11月21日にメキシコで開催されたアイアンマン・コスメルで歴史的な記録が打ち立てられた。クリスティアン・ブルンメンフェルト。言わずと知れた東京オリンピック2020金メダリストが、アイアンマン初挑戦にして7時間21分12秒の驚異的なタイムで男子プロを制している。
当初、ブルンメンフェルトは今年10月に予定されていたアイアンマン世界選手権に特別招待として出場するつもりだったが、新型コロナウイルスの影響で大会が来年に延期。その後、11月のメキシコ大会にスケジュールをスライドさせることを公表しており、ビッグレースに向けたコンディションをそのまま持ち越しての快挙達成といえる。
ちなみに、ブルンメンフェルトは9月にアメリア・ユタ州セントジョージで行われたアイアンマン70.3世界選手権に出場しているが、そのときはバイクで思うようなパフォーマンスを発揮できず26位にとどまっていた。
しかし今回のレースでは、トランジションを除く3種目それぞれのタイムでスイム39分41秒、バイク4時間2分40秒(!)、ラン2時間35分24秒(!!)をマーク。
舞台となったコスメルはメキシコの東部、カリブ海に浮か小島で、多くのダイビングスポットやクルーズ船人気の寄港地などを有するメキシコ屈指の観光地。もちろん、コスメル島は小高い山などもなくフラット基調のコースでバイクの最大高低差は約20m、ランは10m以下の高速レース必至のレイアウトなのだが、それを味方に持ち前のスピード&パワーを最大限に引き出してのフィニッシュとなった。

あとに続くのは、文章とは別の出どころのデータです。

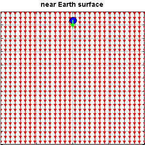 Gravity in a room: the curvature of the Earth is negligible at this scale, and the force lines can be approximated as being parallel and pointing straight down to the center of the Earth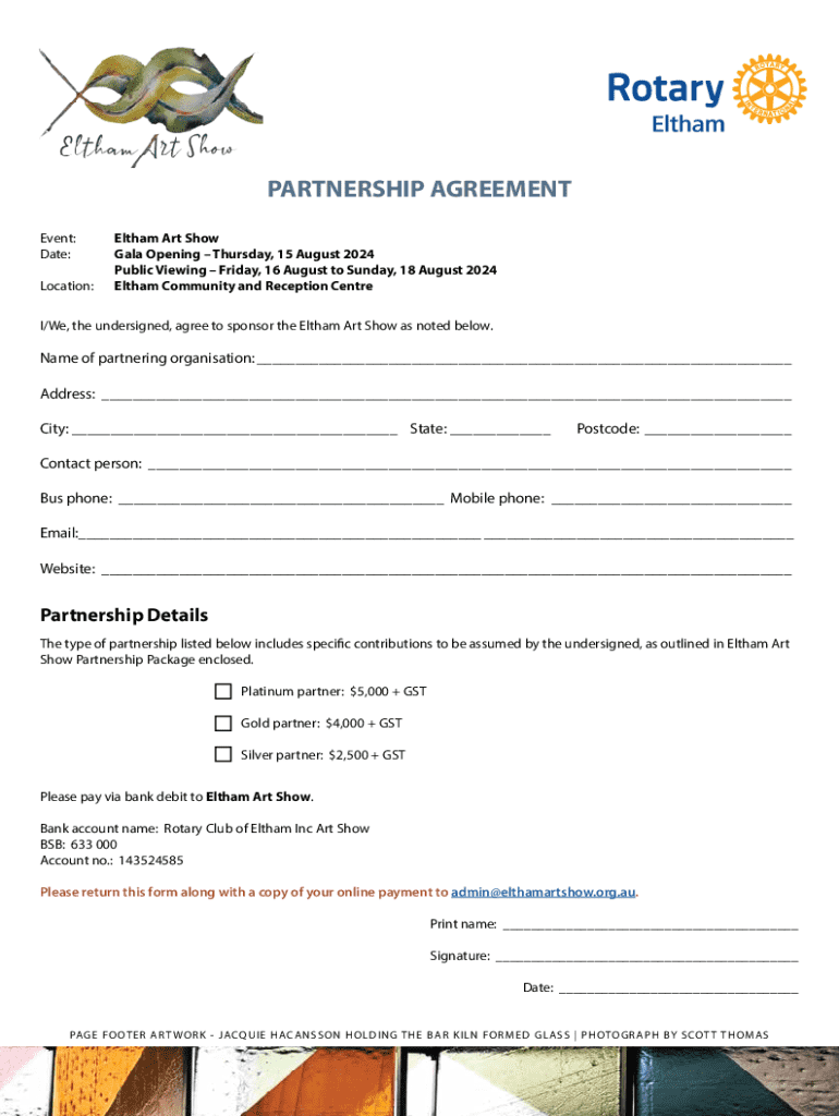 This document outlines the partnership agreement for sponsoring the Eltham Art Show, detailing the types of partnerships available, associated costs, and submission instructions for agreement.

今回、ブルンメンフェルトが打ち出したタイムは、アイアンマンではないものの同じ距離で7月に実施された ZWIFT トライ バトル ロワイヤル でヤーン・フロデノ(ドイツ/写真下)がマークしたフルディスタンス世界記録、7時間27分53秒を大きく上回るものとなる。
一方で女子プロの勝者となったサラ・スヴェンスキ(スウェーデン)のタイムも8時間22分41秒。彼女は2019年のアイアンマン・バルセロナでは8時間34分10秒を叩き出して優勝しており、コロナ禍のレースブレイクを経て再びワールドクラス・アスリートに名乗りを上げている。
去る11月6日にアメリカで行われたアイアンマン・フロリダでは、同じスェーデンのグスタフ・イデン(写真下)が男子プロを7時間42分57秒で制しており注目を集めていたが、今回のブルンメンフェルトの快挙は、まさにこれまでの次元を超えたアイアンマン高速化時代の突入を、如実に物語ることとなった。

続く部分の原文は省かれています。